Page 46 of Forget Me Not
I take a deep breath, closing my eyes as I try to stay calm, letting Galloway emerge in the back of my mind.
I imagine that large white house with its big band of porch, twin rockers swaying with every hint of a breeze.
Then I see those curled ribbons of vines stretching out in the distance, the long dock reaching out toward the water.
Orange sun spilling over the marsh every morning a camouflage for the poison the place really is.
My eyes shoot open, fingers shaking as I swipe at my phone.
Then I navigate to the compass app, watching as the digital needle points north.
I know the sun rises in the east and I look around now, twisting in a circle as I find my bearings before taking off in the direction of the water.
Flashlight bouncing as I sprint through the woods.
I approach my door, finally, hands shaking so hard I can barely get a grip on the knob until at last, I grasp it, twisting it hard and letting myself in.
I run to the bed first, making my way to the side table and grabbing the diary from where I left it.
Then I flip it open, this time not interested in the remaining pages but instead looking for that picture of Natalie I had stuck in the spine.
I finally find it and pull it out, that shot of her messing around with that grape; then I dig my phone out of my pocket, tapping it on for what I’m sure will be the very last time as I use these final few seconds of charge—and there, right there , is the exact same necklace nestled into the dip of her throat.
A thin gold chain with a verdant peridot the same color as the vines behind her.
I run my fingers across her face, my chest constricting as I think about how she wore this for years until, that summer, she suddenly stopped. I always thought she took it off, that she outgrew it the same way she outgrew me… but now I know that wasn’t the case.
Now I know she lost it that summer, the cheap clasp breaking as she lay in that camper, the chain swallowed up in those dirty old sheets.

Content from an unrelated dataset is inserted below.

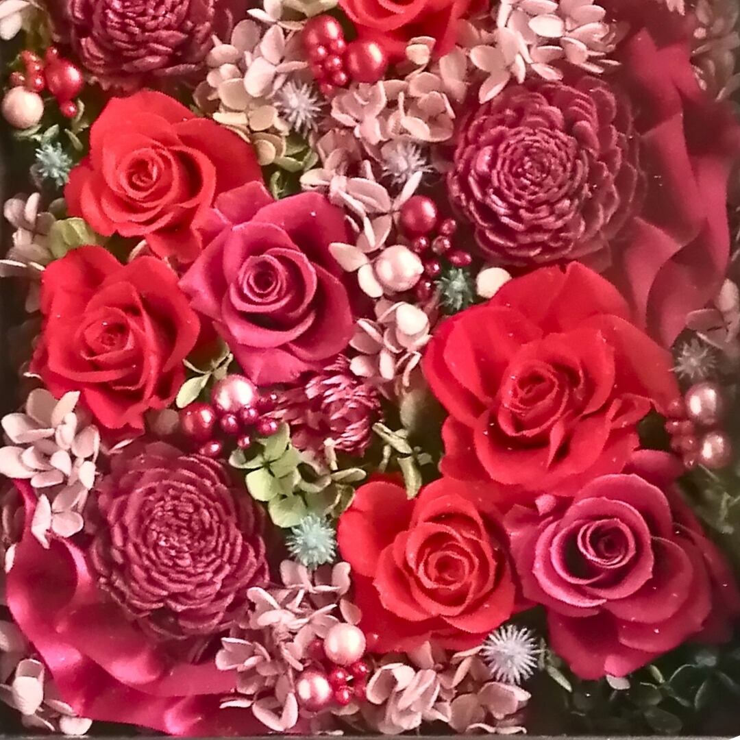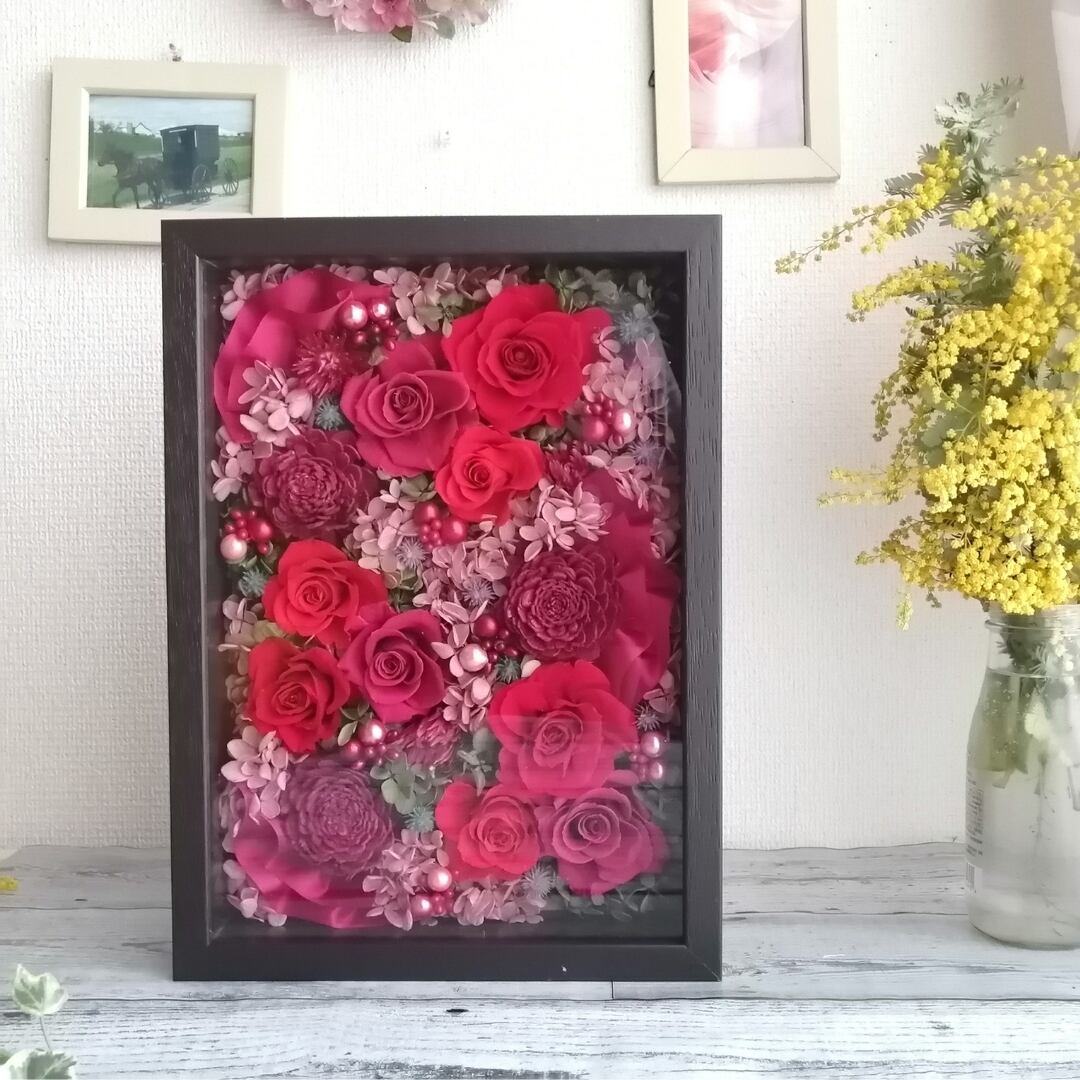 ■A4サイズの特大フレームに、赤とピンクのお花を隙間なく敷き詰めた贅沢なアレンジ。

I exhale, a wave of relief coursing through my veins once I realize she didn’t remove it on purpose—but then I think of the alternative, the reason why she might have been in that bed in the first place.

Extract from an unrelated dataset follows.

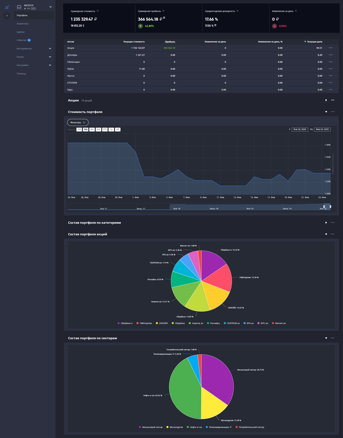 Загрузите всего два отчета и вся история по портфелю будет в сервисе.

All along, the police thought Jeffrey had been the older boyfriend who Natalie kept secret, but now a new surge of revulsion swells up in my stomach as I think about Marcia and Lily, Katherine and my mother.

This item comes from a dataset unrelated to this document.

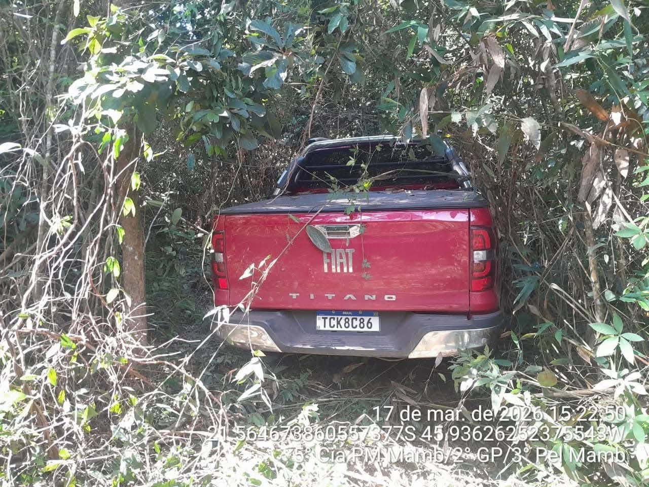No decorrer das diligências, as guarnições foram informadas que uma equipe da Polícia Militar Ambiental de Alfenas havia encontrado a caminhonete Fiat Toro subtraída no roubo, abandonada em uma área de mata próxima a um cafezal.

All those young girls who Mitchell had groomed, meeting them in their most vulnerable moments.
Girls with domineering parents or distant parents; girls without any parents at all or who were away from their parents for the very first time.
The thought makes me sick, but I know now that I have to consider it.
Mitchell would have been in his forties back in 2002; Natalie left shortly after she turned eighteen.
That’s the same age as the others when they suddenly stumbled into his grip, and while it’s hard for me to imagine a world where my sister would have fallen for someone like him, someone who was over twice her age, there was also so much she kept from me.
I barely even knew her that summer, so defiant and difficult and hard to pin down.
Maybe Mitchell learned about our dad leaving and somehow made her feel special, zeroing in on another lost, lonely girl.
I blink away a tear, focusing on my sister’s smiling face in an attempt to wash down the nausea clawing its way up my throat…
but then I notice something else in the picture—or, rather, some one else.
There are a few other people in this one, the faces of coworkers I never paid attention to.
I had simply blurred them all out, my admiration for Natalie overpowering them all, but now I zero in on a person off to the right, the edge of his profile barely in the shot, though his adolescent face is suddenly so familiar I have no idea how I didn’t see it before.
I drop the picture, turning around before dashing to the desk. Then I grab the knob and open the drawer, looking for the gun I have hidden inside—but as soon as the light lands I see that it’s empty before my flashlight blinks out, my phone dying for good.
I stand still in the dark, my breath clotted in my throat as I realize the door wasn’t locked when I came back in.
I locked it when I left, I know I locked it, and now I remember the day I returned from the vineyard to find that basket of supplies already inside.
There’s another key to this guesthouse, someone else has been able to let themselves in, and I glance down at the desk in the dark, its surface cluttered with all the evidence I’ve found.
“I’m sorry, Claire.”
I close my eyes, the cold tip of the gun pushing into my back as Liam’s soft voice cuts through the night.